Srivijaya was a Malay polity centered at Palembang on the Musi River in southeastern Sumatra, in present-day Indonesia. Its rise is conventionally dated to the late 7th century, anchored by the Kedukan Bukit inscription (683 CE), which records a successful military expedition by a ruler named Dapunta Hyang. From this base Srivijaya projected power across the Strait of Malacca and the Sunda Strait, the two chokepoints linking the Indian Ocean to the South China Sea.
Rather than a territorial empire in the European sense, Srivijaya is best understood as a thalassocracy: a network of port-cities, vassal harbors, and orang laut (sea peoples) whose loyalty was secured through trade privileges, ritual prestige, and naval coercion. Its wealth came from taxing transit trade in spices, camphor, gold, and Chinese ceramics, and from tribute missions to Tang and Song China.
Srivijaya was a major center of Mahayana and Vajrayana Buddhism. The Chinese pilgrim Yijing stopped in Palembang around 671 CE and again in the 680s, reporting more than a thousand Buddhist monks and recommending it as a place to study Sanskrit before traveling to Nalanda. Rulers patronized monasteries abroad, including the well-known endowment recorded in the Leiden copper-plate grant issued by the Chola king Rajaraja I in the early 11th century.
Decline followed the Chola naval raids of 1025 CE under Rajendra Chola I, which sacked several Srivijayan ports and broke its monopoly over the straits. Power gradually shifted to successor polities such as Malayu-Jambi, and by the late 13th century Srivijaya had been eclipsed, with Majapahit and later the Sultanate of Malacca inheriting its commercial role.
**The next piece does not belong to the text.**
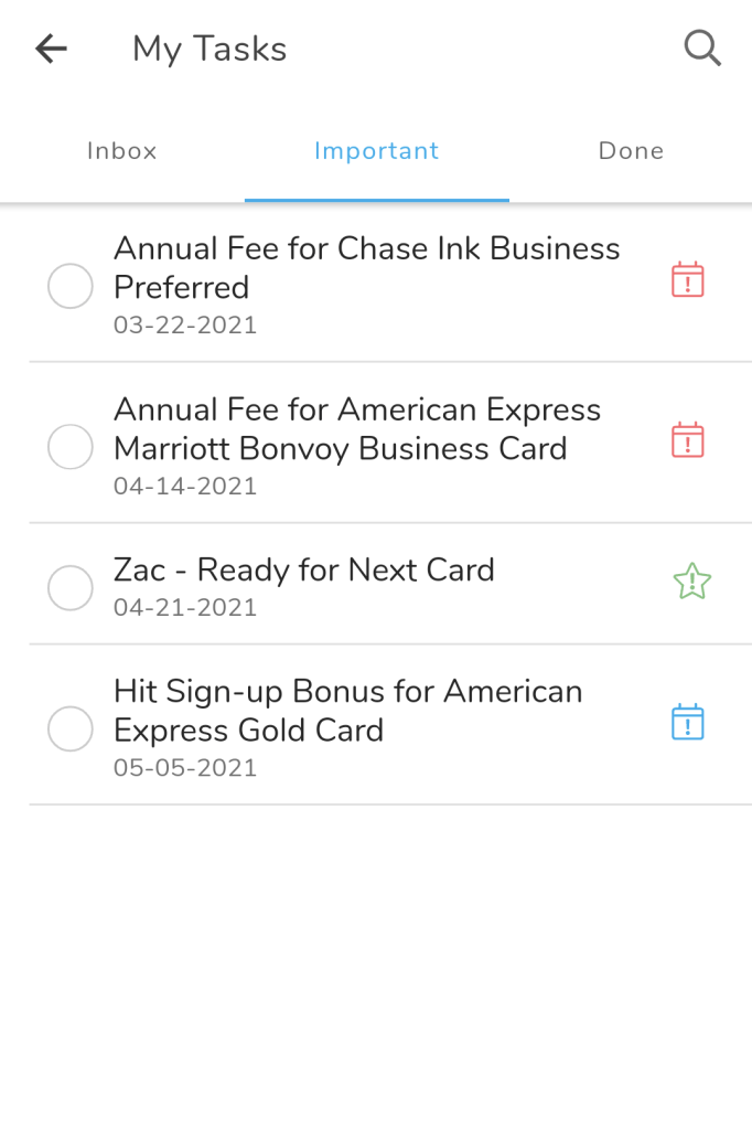 You can also see any upcoming tasks you need to accomplish with your cards, including annual fee payment (which will remind you to call for a retention bonus), sign up bonus spend and whether you are ready to apply for another card based on the various credit card company restrictions:
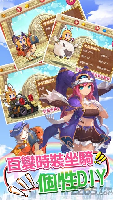 2.游戏提供了数十种精美时装以及坐骑,所有的英雄和坐骑在养成到一定阶段时,形态都会发生改变,定制只属于您的个性冒险小队!

For IR and Model UN contexts, Srivijaya is frequently cited by Indonesian and Malaysian diplomats as historical precedent for archipelagic statehood and freedom-of-navigation debates in Southeast Asia.
Example
Indonesian officials have invoked the Srivijaya legacy when defending the country's archipelagic baselines under UNCLOS, framing maritime stewardship of the Malacca and Sunda straits as a centuries-old role.
Frequently asked questions
Most scholars place the primary center at Palembang on the Musi River in South Sumatra, though Jambi-Malayu later rose in importance as power shifted northward.